DATA EXTRACT: Begin
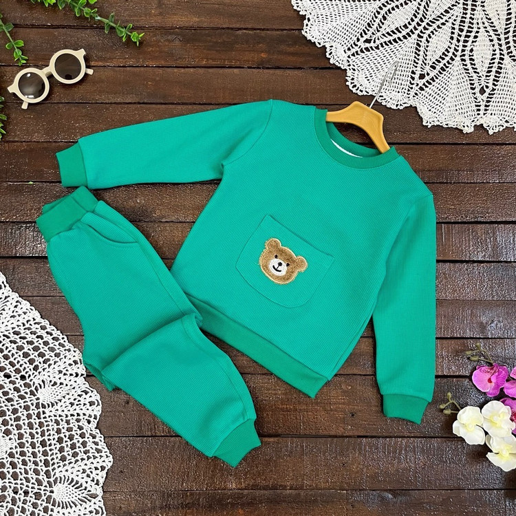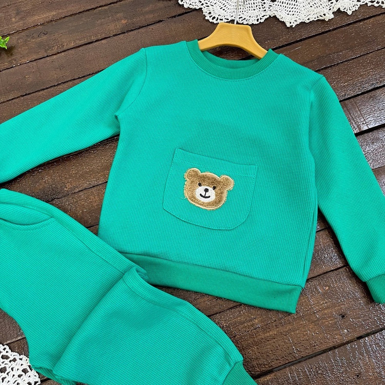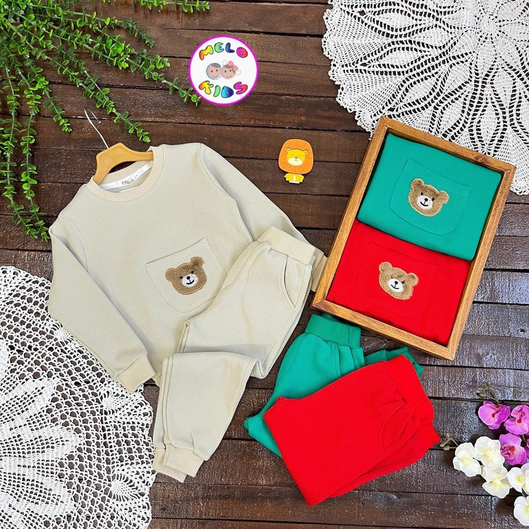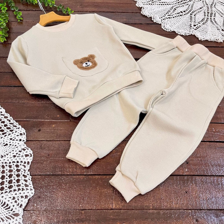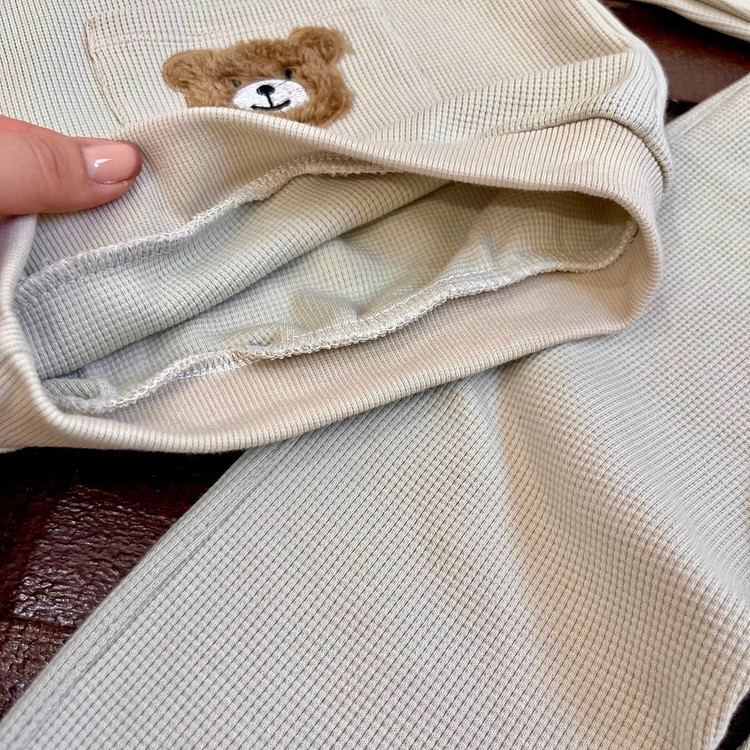 🌱ست بلوز شلوار بیسکوییتی طرح تدی🧸
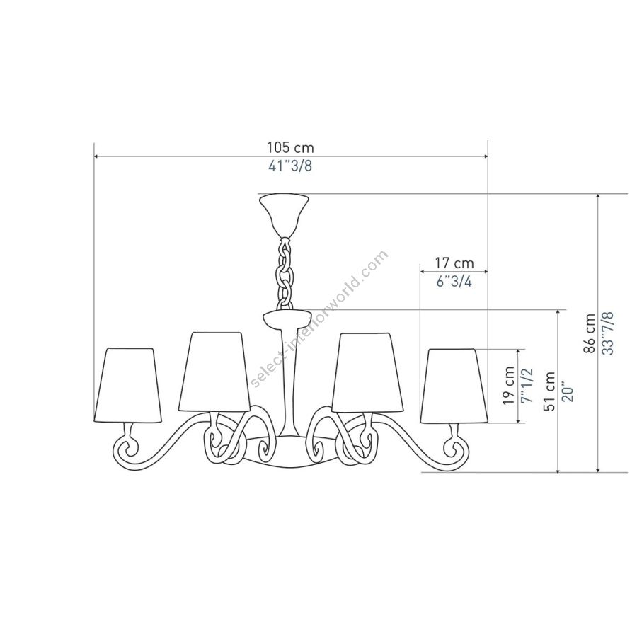 Width: 105 cm, Maximum: 8 x 40 w, Les Abat-jours peuvent être fabriqués dans 18 coloris au choix, The colour for the shades can be chosen out to 18 different hues
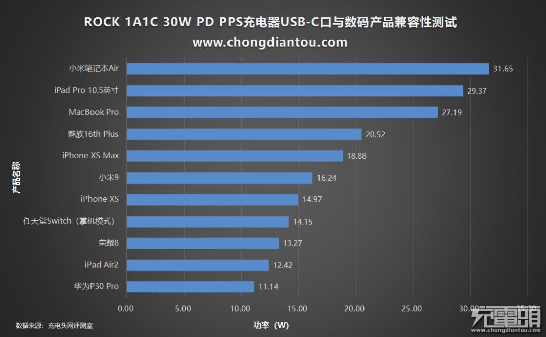 ROCK 1A1C 30W PD充电器USB-C口对于大部分的数码产品兼容性不错,都能握手对应协议进行充电。
DATA EXTRACT: End
ACTIVITY:
Copy the data exactly. Any picture it contains is to be omitted.

TASK RESULT:
 🌱ست بلوز شلوار بیسکوییتی طرح تدی🧸
 Width: 105 cm, Maximum: 8 x 40 w, Les Abat-jours peuvent être fabriqués dans 18 coloris au choix, The colour for the shades can be chosen out to 18 different hues
 ROCK 1A1C 30W PD充电器USB-C口对于大部分的数码产品兼容性不错,都能握手对应协议进行充电。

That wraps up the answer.